The cytotoxic activity of CTLs was measured by a 4 h 51chronium release assay. Briefly, peptide pulsed autologous LCLs (1 × 104 cells) were used as target cells with antigen specific T-cells as effector cells at different effectortarget cell ratios (20:1 to 40:1). Experiments were performed in triplicates and the percentage of lysis was calculated as 100% × (experimental release-spontaneous release)/(maximum release-spontaneous release). Maximum release was obtained by adding 100 µl of 0.2% Triton X-100 to the 100 µl medium containing target cells.

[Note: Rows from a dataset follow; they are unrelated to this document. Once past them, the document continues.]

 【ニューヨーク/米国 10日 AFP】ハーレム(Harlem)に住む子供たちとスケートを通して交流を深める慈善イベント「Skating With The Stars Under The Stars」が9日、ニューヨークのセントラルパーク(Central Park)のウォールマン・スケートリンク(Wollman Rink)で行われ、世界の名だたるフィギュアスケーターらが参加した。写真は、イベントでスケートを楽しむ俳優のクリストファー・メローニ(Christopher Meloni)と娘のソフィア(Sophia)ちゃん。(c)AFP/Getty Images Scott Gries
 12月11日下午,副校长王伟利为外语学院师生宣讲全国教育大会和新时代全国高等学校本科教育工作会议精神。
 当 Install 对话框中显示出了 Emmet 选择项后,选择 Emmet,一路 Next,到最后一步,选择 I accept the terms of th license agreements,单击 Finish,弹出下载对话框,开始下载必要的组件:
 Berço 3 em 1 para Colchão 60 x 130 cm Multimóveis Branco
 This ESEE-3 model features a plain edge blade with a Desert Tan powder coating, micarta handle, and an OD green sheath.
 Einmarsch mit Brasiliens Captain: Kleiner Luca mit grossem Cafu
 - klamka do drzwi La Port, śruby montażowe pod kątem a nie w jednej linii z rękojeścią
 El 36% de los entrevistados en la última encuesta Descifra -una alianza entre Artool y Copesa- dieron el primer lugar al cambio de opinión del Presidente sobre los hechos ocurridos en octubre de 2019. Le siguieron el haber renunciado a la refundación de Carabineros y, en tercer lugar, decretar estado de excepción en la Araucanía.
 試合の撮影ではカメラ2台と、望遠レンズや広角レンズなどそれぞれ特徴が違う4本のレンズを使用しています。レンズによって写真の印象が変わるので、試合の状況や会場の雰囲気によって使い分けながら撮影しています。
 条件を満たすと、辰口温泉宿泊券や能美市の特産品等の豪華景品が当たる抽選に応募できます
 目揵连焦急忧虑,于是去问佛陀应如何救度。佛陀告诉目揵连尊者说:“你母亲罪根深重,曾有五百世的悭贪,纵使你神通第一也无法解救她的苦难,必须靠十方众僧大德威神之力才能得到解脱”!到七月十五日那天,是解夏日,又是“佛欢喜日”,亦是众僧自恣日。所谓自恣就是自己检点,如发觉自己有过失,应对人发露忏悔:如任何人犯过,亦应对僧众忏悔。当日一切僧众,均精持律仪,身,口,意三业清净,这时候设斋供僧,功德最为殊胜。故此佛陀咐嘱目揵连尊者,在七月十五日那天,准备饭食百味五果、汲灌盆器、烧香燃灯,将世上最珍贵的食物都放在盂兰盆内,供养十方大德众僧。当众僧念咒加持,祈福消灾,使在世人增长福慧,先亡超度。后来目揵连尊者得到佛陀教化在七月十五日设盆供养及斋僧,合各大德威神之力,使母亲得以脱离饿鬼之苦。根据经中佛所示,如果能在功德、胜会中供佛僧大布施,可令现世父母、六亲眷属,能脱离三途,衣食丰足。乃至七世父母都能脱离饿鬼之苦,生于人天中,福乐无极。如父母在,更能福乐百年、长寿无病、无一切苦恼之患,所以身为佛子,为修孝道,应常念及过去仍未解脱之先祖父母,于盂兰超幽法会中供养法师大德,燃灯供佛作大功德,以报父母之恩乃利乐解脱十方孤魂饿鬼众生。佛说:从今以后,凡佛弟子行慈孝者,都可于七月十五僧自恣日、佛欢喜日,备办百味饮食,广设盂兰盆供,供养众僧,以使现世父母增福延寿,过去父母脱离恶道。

Where indicated, data is represented as lytic units 30 (LU30), where one lytic unit is the number of cells derived from the culture necessary to achieve 30% specific lysis of targets. The total number of lytic units was obtained by the formula: [total no. of effectors obtained after the secondary culture]/[no. of effectors required to achieve 30% lysis (LU30)]. SD is derived from the maximum and minimum slopes of lines through the mean ± SD of the percent specific lysis in the specific region of curve.

Statistical analysis

Control values for each experiment were derived from pooled data on a number of control individuals so that each experiment has a single control value, mean, and standard deviation. Each mean variance was then compared against the control response for each experiment and analyzed for statistical significance using a one-tail unpaired t test, assuming unequal variance between the experimental groups. Significant differences are indicated by asterisks.